"New product-itis", or why you shouldn't buy every new Apple product
M.G Siegler is passing on the new MacBook, despite the Rose Gold Colour option and (slightly) faster processor.
"I buy way too many gadgets. That in and of itself may be a problem, but it’s compounded by the fact that once I have a new gadget in my life, I tend to always need that latest version of that gadget... Except recently I’ve noticed that desire slipping a bit."
First, he decided against buying the new Kindle:
"But then something even stranger happened... Apple released a new MacBook and I decided that it too wasn’t for me. I wonder if this is me coming to my senses or if this speaks to a broader trend of 'good enough.' That is, technology, and many of our gadgets in particular, have improved to the point where most of them are now 'good enough' on a daily basis, and upgrades are only needed every few years, as they age."
Put aside short term, "latest-and-greatest-itis", he writes, referring to a condition that occurs with virtually every Apple Keynote.
I can recognise the ailment in my own buying habits. Did I need that iPhone 6s Plus when the previous, original plus model was good enough? Ever since the the release of the iPad Pro 9.7", I have been lusting after what is clearly an excellent machine, but here is where I am holding firm, just, from parting with any more money. My iPad Air 2 is no slouch and I still love using it. I can see an upgrade to the Pro version as having, at best, an iterative impact on my life rather than a transformative one, and for a cost that is prohibitive when taking into account peripherals like the Apple Pencil and Keyboard cover that only work on the Pro.
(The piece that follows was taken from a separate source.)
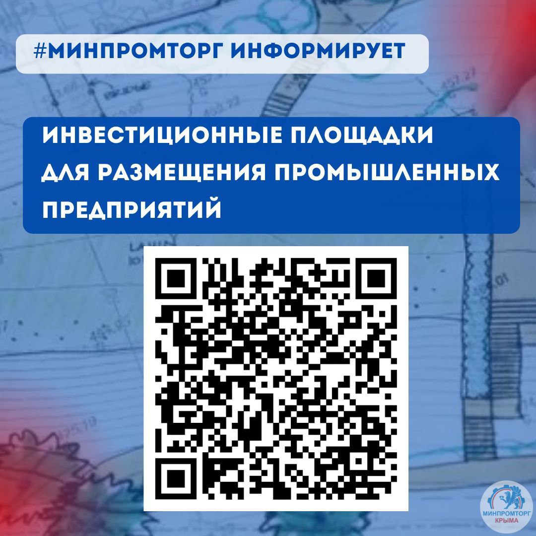 Информация об инвестиционных площадках для промышленных предприятий размещена на сайте Минпромторга Крыма, а также доступна по QR-коду.

Perhaps I would use the Apple Pencil to take some notes, but I am not sure what else different I would do with the device when compared to the Air 2. The Pro is the same weight and its keyboard cover, while solid, is not so dissimilar an experience from using the third party keyboard that I have for my current iPad.
In my view, you should buy what you think will excite and delight you, and preferably beyond the first week of purchase. The product you chose ought to be a considerable improvement on what you already have and, of course, affordable. Ultimately, I have found that the longer one waits to upgrade, the greater the wow factor and the fewer regrets. That brings me back to the MacBook. My one is six years old, slow and heavy. So, is it time to look at that rose gold colour option again?